◆ Task instructions
Retype only what runs from the first line of the records to the line with "一般及行政费用:2026财年", inclusive, and no pictures.

◆ Data for the task
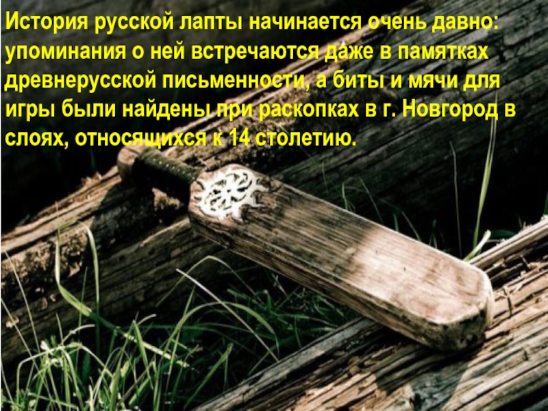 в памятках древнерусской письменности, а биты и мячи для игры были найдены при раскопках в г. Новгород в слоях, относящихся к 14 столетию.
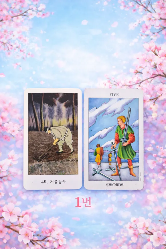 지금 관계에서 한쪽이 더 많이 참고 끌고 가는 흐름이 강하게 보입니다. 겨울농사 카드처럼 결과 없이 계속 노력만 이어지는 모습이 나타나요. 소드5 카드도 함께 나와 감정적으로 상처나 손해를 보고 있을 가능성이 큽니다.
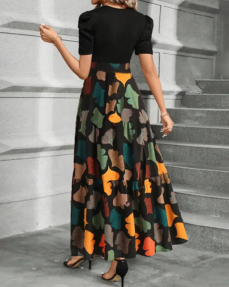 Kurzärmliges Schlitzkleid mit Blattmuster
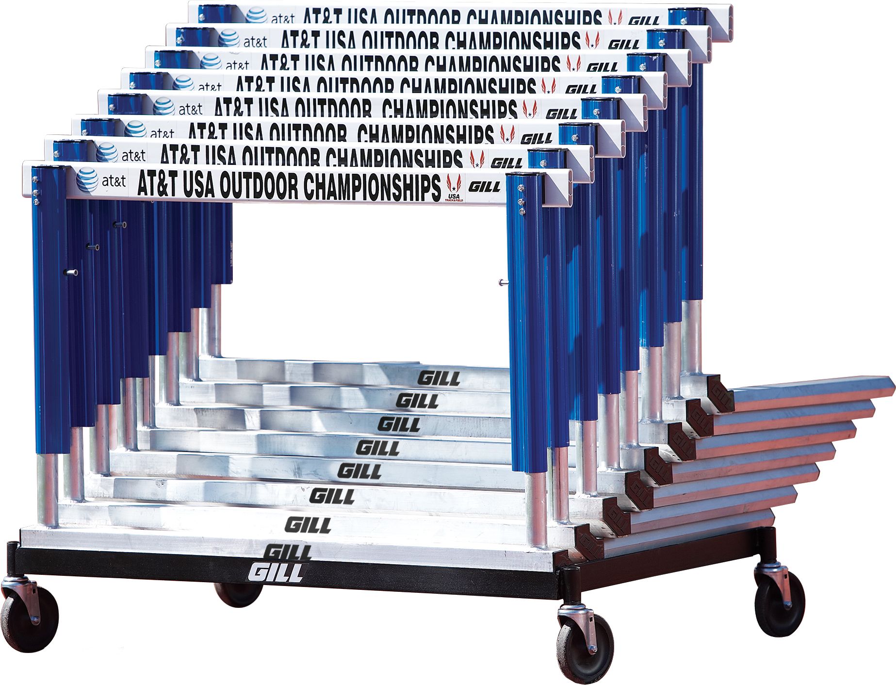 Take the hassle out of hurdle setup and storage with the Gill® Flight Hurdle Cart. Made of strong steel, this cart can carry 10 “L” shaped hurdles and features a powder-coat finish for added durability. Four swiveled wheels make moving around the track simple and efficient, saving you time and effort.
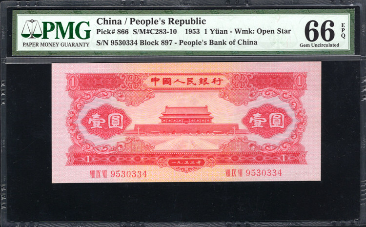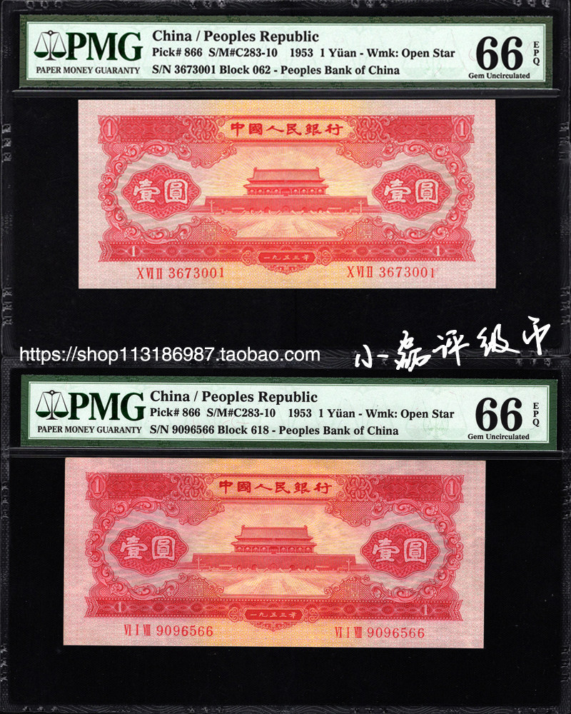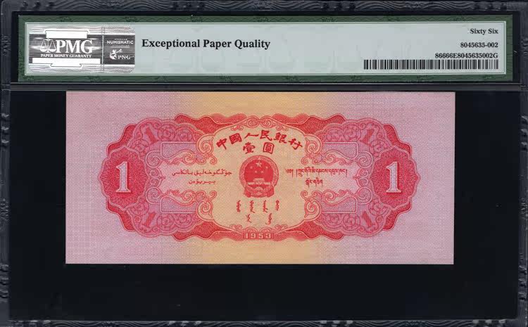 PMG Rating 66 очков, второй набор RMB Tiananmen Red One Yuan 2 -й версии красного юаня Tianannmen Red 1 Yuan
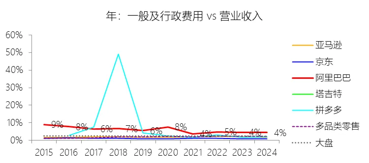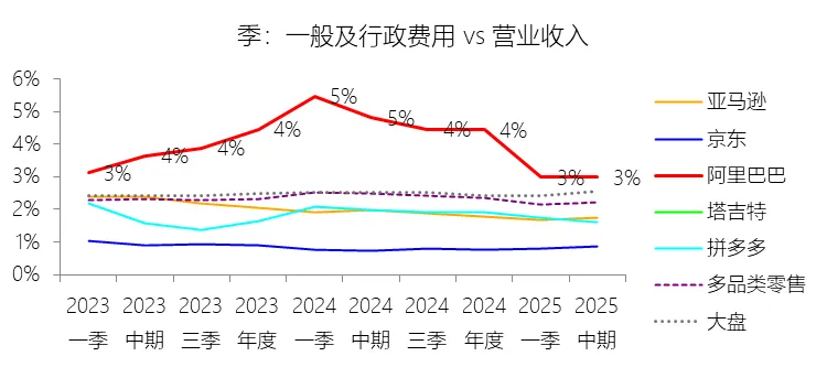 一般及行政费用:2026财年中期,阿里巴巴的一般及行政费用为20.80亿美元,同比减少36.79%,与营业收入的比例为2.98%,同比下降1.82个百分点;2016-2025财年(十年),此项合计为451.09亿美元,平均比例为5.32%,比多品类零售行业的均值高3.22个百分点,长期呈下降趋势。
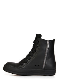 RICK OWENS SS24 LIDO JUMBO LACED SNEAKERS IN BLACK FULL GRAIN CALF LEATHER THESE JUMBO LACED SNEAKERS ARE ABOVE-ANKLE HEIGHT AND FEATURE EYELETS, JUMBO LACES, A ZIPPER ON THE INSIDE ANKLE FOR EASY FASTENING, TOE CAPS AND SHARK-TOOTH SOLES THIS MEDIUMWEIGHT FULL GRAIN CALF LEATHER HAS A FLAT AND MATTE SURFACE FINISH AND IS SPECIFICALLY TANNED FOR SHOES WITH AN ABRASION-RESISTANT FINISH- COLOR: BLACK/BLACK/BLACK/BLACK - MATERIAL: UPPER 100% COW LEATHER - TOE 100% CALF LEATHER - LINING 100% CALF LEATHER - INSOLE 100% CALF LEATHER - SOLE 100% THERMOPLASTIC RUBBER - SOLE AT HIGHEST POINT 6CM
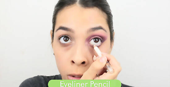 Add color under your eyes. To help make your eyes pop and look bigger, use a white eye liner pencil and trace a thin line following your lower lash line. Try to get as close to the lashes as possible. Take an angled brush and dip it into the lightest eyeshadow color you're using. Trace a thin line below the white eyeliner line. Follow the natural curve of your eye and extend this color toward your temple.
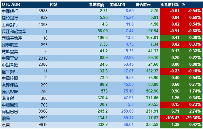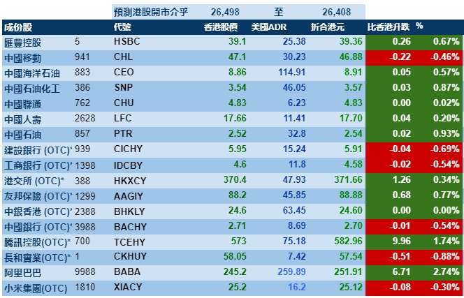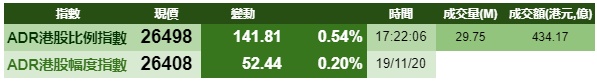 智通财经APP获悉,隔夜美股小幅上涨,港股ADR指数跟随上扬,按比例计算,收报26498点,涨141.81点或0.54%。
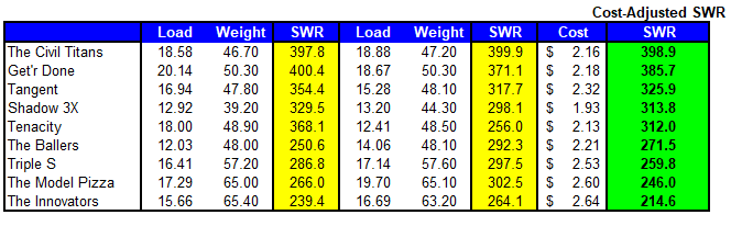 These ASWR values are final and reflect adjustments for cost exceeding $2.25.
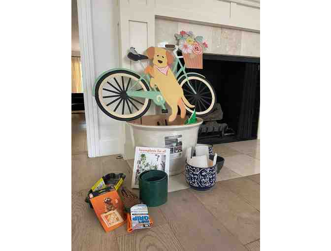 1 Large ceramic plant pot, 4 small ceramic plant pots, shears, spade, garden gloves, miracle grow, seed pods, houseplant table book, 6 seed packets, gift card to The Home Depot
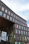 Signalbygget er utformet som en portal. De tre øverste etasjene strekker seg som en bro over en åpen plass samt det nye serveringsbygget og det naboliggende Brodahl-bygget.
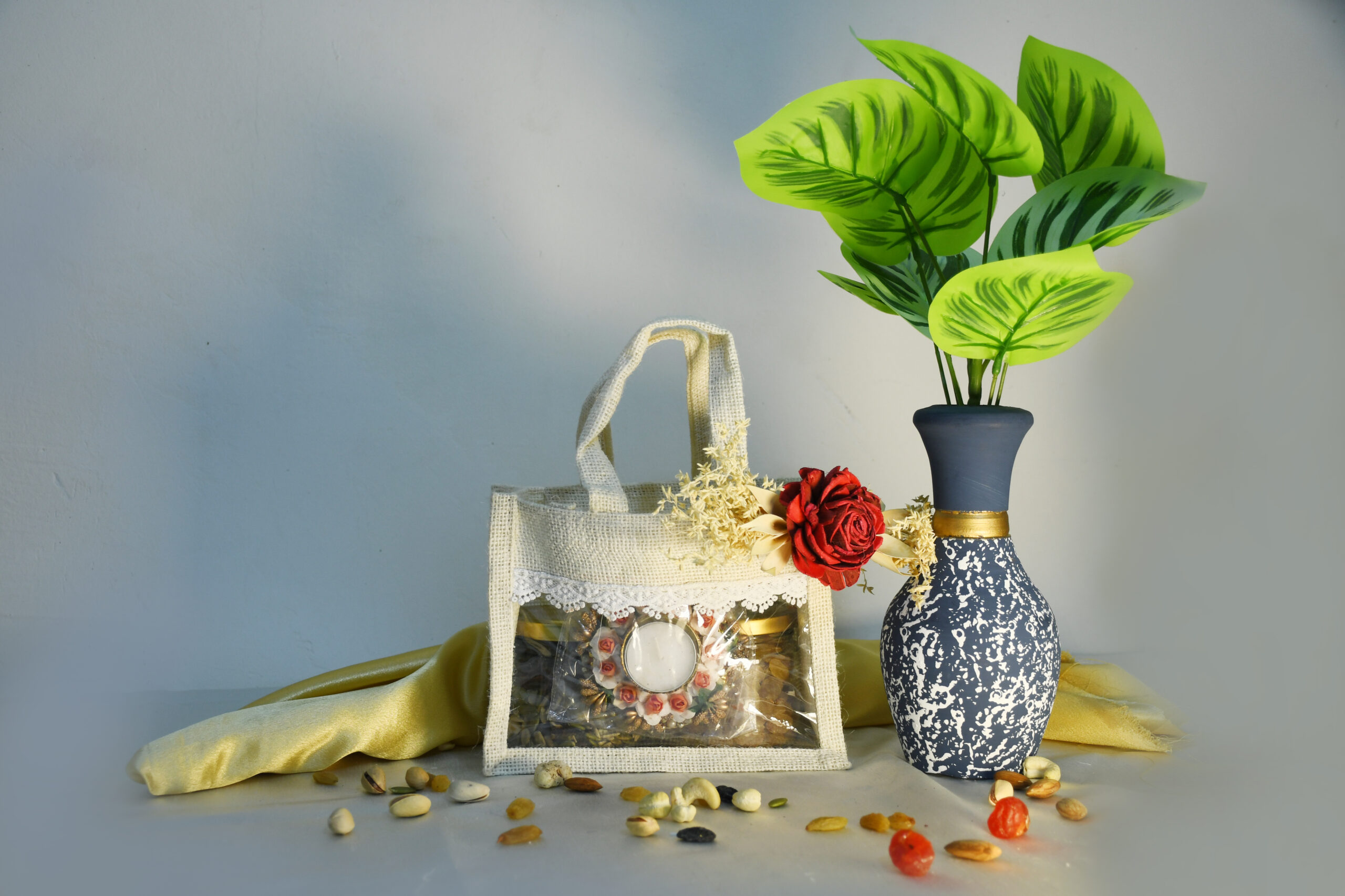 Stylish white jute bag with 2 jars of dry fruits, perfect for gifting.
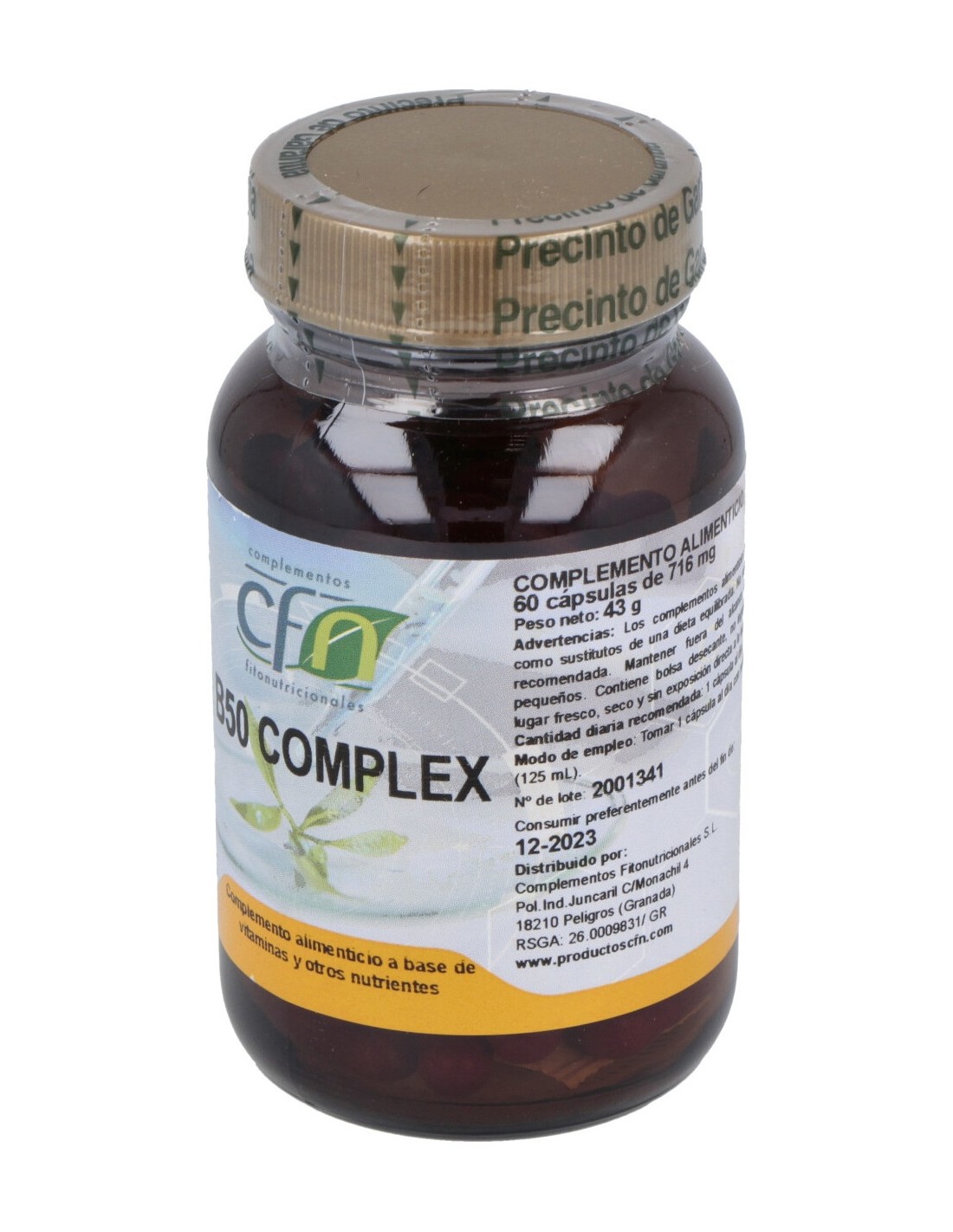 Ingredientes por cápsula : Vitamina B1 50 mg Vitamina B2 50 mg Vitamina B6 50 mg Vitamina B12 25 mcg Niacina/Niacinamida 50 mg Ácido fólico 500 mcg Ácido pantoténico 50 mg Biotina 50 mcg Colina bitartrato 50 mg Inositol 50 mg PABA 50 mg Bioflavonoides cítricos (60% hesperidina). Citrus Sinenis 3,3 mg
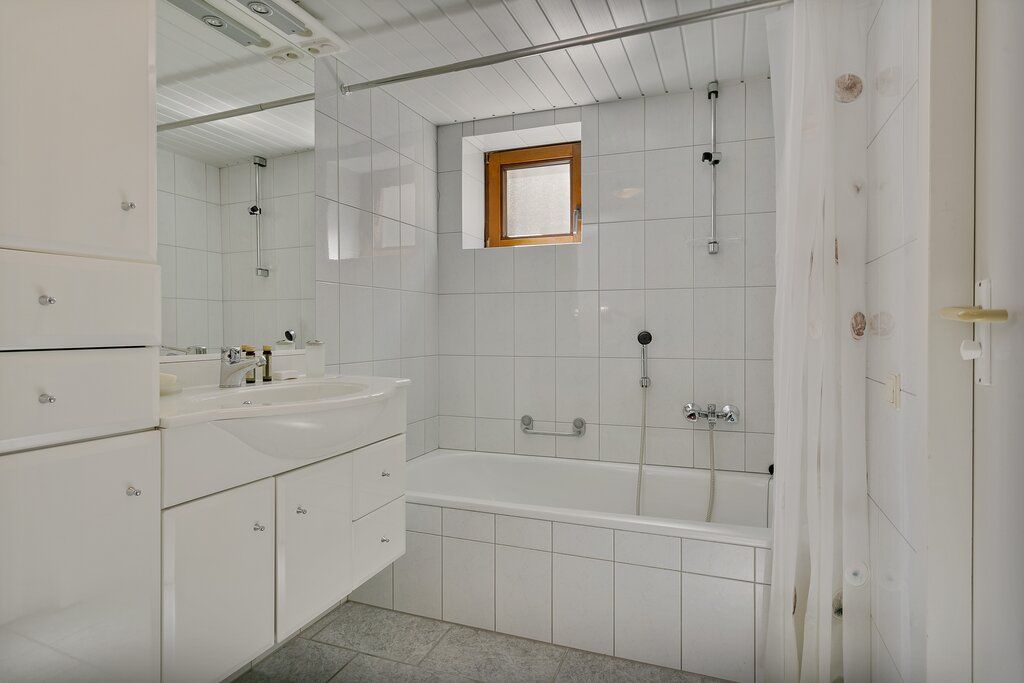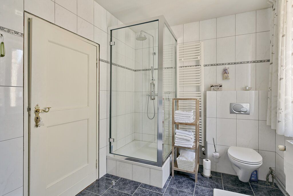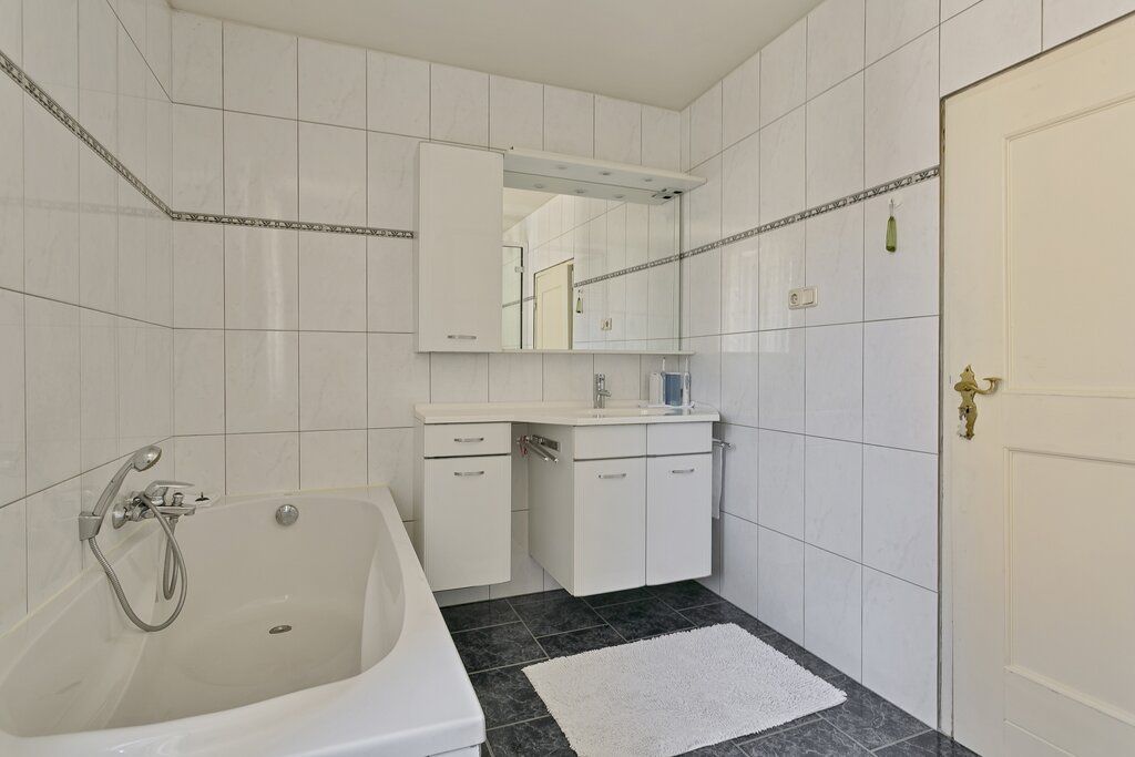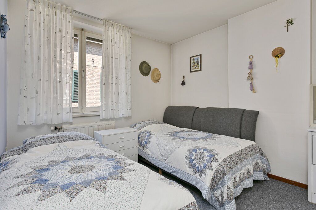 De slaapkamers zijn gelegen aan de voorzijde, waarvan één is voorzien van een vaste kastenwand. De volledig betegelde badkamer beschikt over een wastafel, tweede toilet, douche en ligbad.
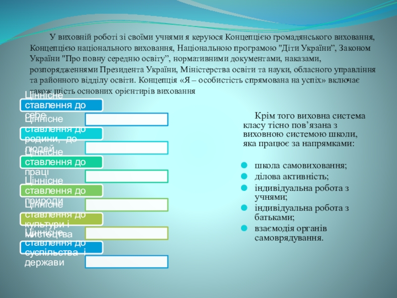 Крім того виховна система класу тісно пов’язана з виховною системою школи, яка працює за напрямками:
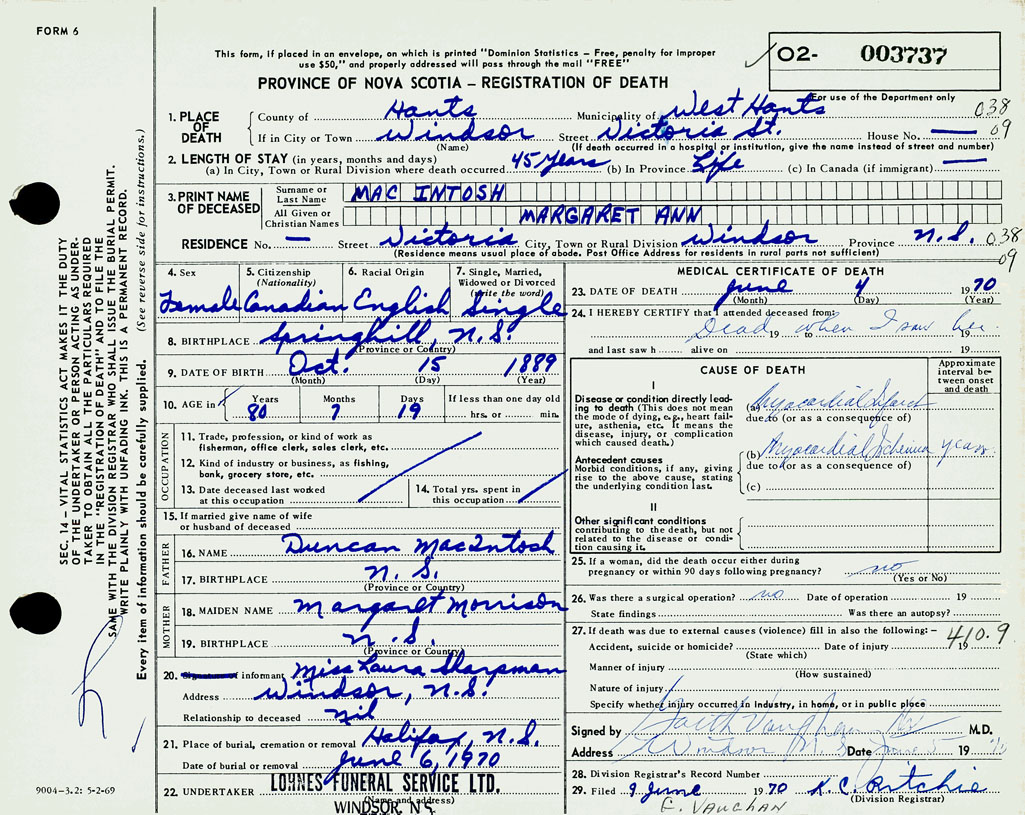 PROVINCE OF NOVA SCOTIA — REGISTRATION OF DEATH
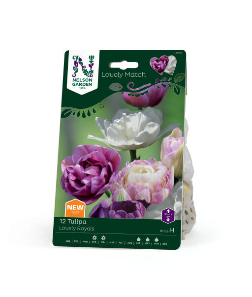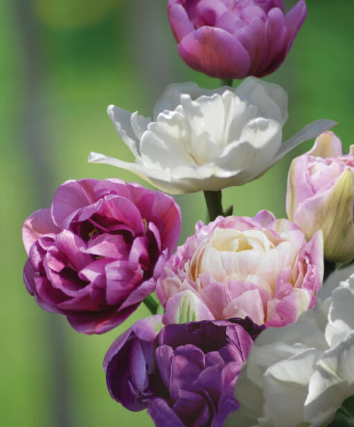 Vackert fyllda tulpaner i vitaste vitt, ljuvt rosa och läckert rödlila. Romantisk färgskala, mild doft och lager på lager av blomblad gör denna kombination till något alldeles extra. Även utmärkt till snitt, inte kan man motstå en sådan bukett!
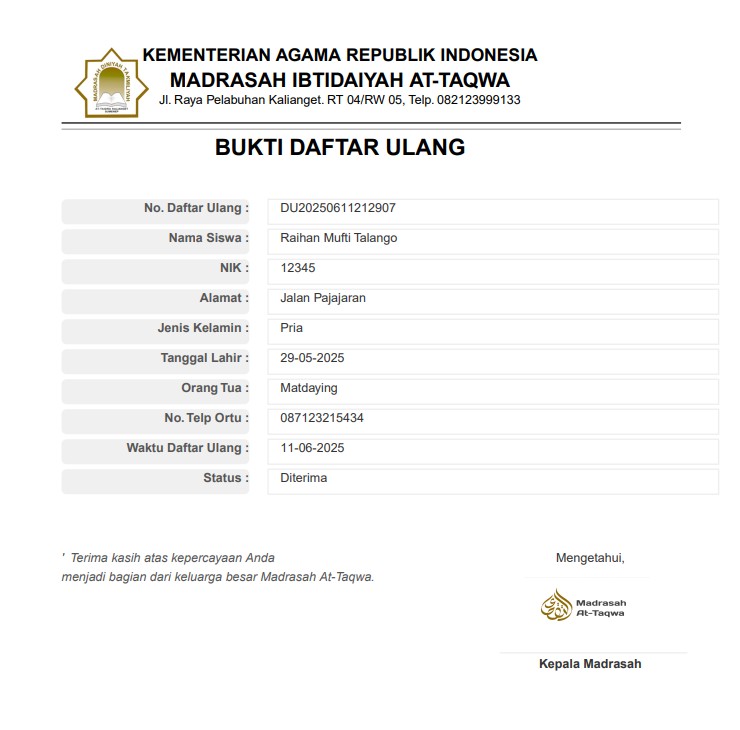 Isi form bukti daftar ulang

◆ Answer for this exercise
 в памятках древнерусской письменности, а биты и мячи для игры были найдены при раскопках в г. Новгород в слоях, относящихся к 14 столетию.
 지금 관계에서 한쪽이 더 많이 참고 끌고 가는 흐름이 강하게 보입니다. 겨울농사 카드처럼 결과 없이 계속 노력만 이어지는 모습이 나타나요. 소드5 카드도 함께 나와 감정적으로 상처나 손해를 보고 있을 가능성이 큽니다.
 Kurzärmliges Schlitzkleid mit Blattmuster
 Take the hassle out of hurdle setup and storage with the Gill® Flight Hurdle Cart. Made of strong steel, this cart can carry 10 “L” shaped hurdles and features a powder-coat finish for added durability. Four swiveled wheels make moving around the track simple and efficient, saving you time and effort.
 PMG Rating 66 очков, второй набор RMB Tiananmen Red One Yuan 2 -й версии красного юаня Tianannmen Red 1 Yuan
 一般及行政费用:2026财年中期,阿里巴巴的一般及行政费用为20.80亿美元,同比减少36.79%,与营业收入的比例为2.98%,同比下降1.82个百分点;2016-2025财年(十年),此项合计为451.09亿美元,平均比例为5.32%,比多品类零售行业的均值高3.22个百分点,长期呈下降趋势。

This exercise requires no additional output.